What you have to do – Up to and including the line bearing "Для неё, как", output every line of the entries exactly as written, starting from the first; pictures stay out.

Listed records –

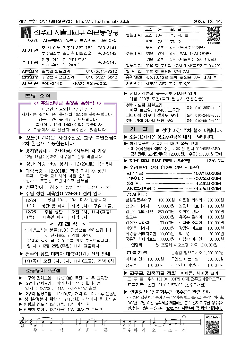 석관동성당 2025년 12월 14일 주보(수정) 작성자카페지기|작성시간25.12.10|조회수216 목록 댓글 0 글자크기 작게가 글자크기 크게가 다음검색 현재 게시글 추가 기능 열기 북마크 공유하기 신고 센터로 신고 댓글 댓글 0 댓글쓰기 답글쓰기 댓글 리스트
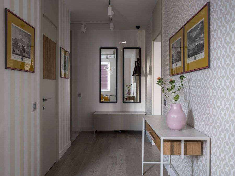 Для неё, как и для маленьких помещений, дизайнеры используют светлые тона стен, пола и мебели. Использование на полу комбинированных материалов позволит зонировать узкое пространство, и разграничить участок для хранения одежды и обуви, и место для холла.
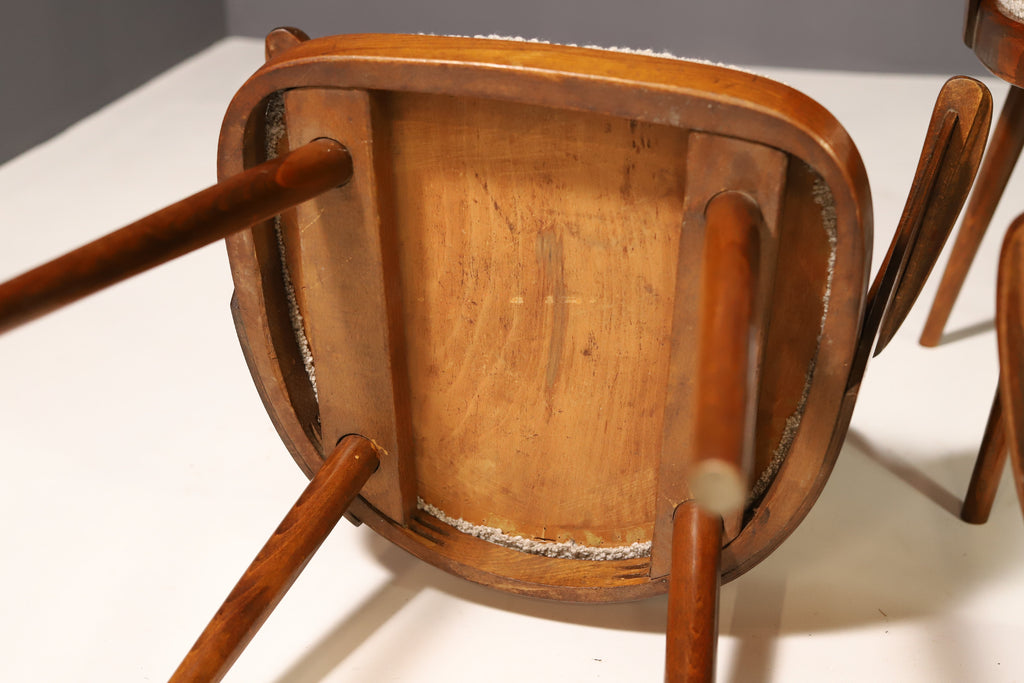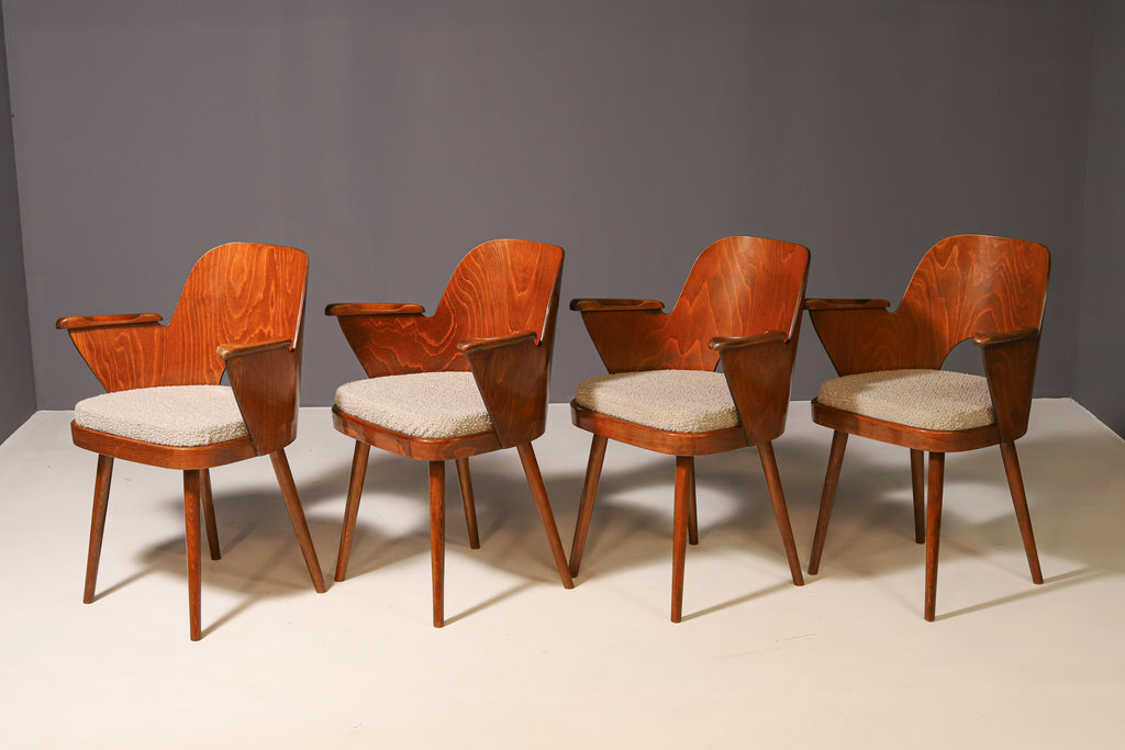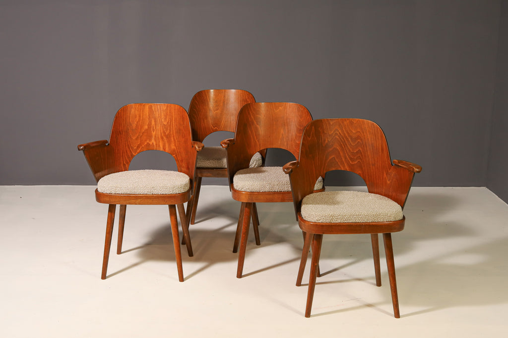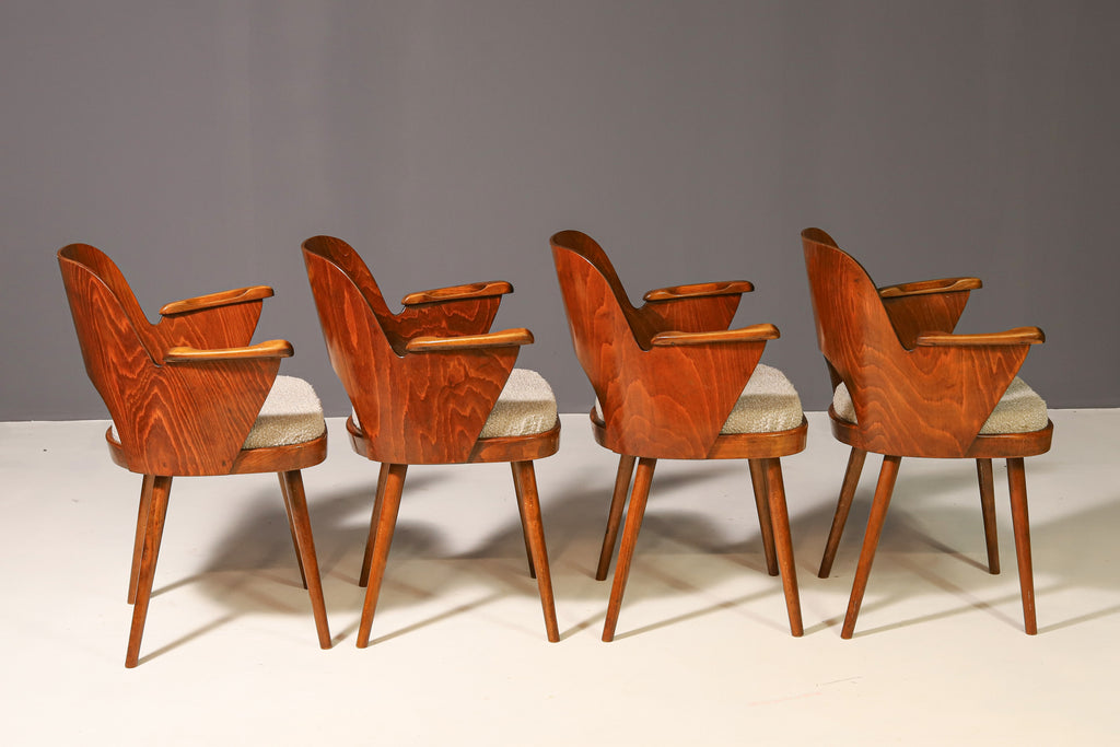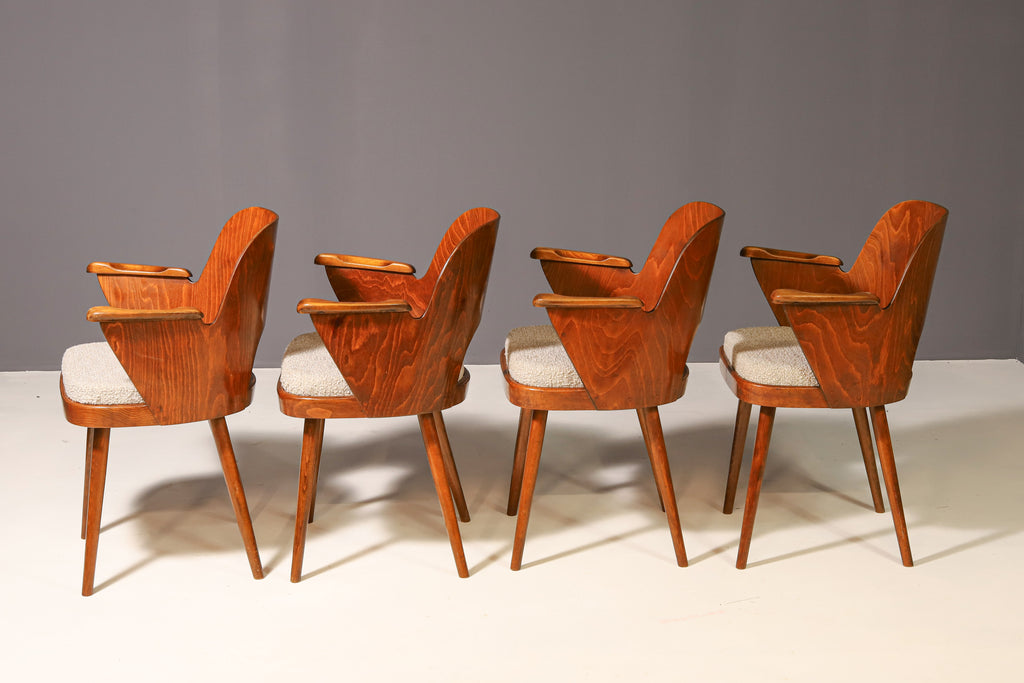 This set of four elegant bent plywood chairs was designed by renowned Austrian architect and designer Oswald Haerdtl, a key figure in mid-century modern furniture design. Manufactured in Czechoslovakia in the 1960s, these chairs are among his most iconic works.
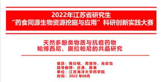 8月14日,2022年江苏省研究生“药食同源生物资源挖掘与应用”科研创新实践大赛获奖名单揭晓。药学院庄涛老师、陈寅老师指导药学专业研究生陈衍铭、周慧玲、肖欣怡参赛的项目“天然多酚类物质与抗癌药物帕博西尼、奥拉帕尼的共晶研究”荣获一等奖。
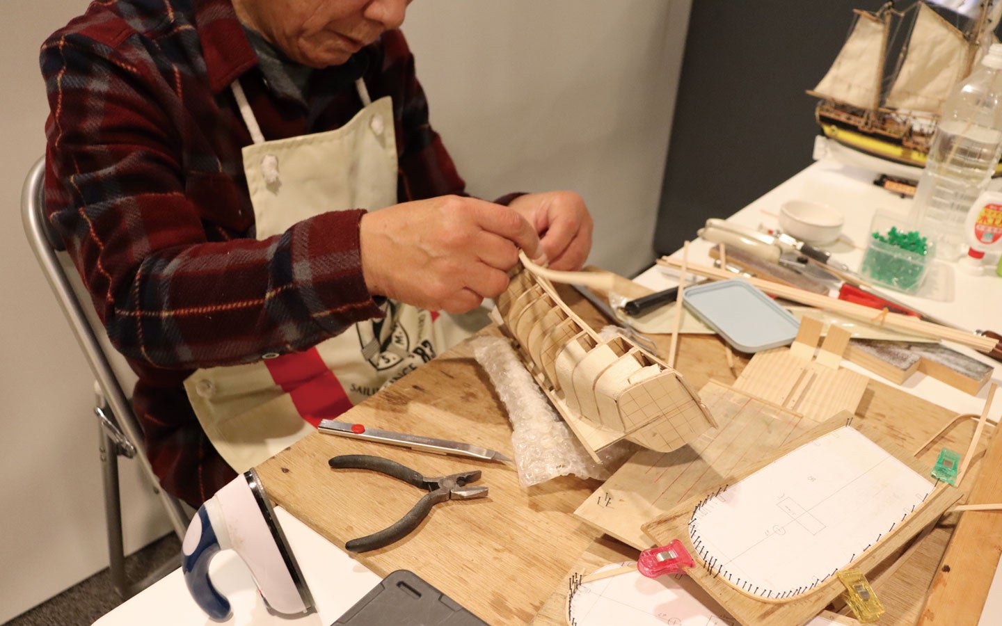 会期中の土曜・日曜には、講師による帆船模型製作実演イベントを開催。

Answer section –
 석관동성당 2025년 12월 14일 주보(수정) 작성자카페지기|작성시간25.12.10|조회수216 목록 댓글 0 글자크기 작게가 글자크기 크게가 다음검색 현재 게시글 추가 기능 열기 북마크 공유하기 신고 센터로 신고 댓글 댓글 0 댓글쓰기 답글쓰기 댓글 리스트
 Для неё, как и для маленьких помещений, дизайнеры используют светлые тона стен, пола и мебели. Использование на полу комбинированных материалов позволит зонировать узкое пространство, и разграничить участок для хранения одежды и обуви, и место для холла.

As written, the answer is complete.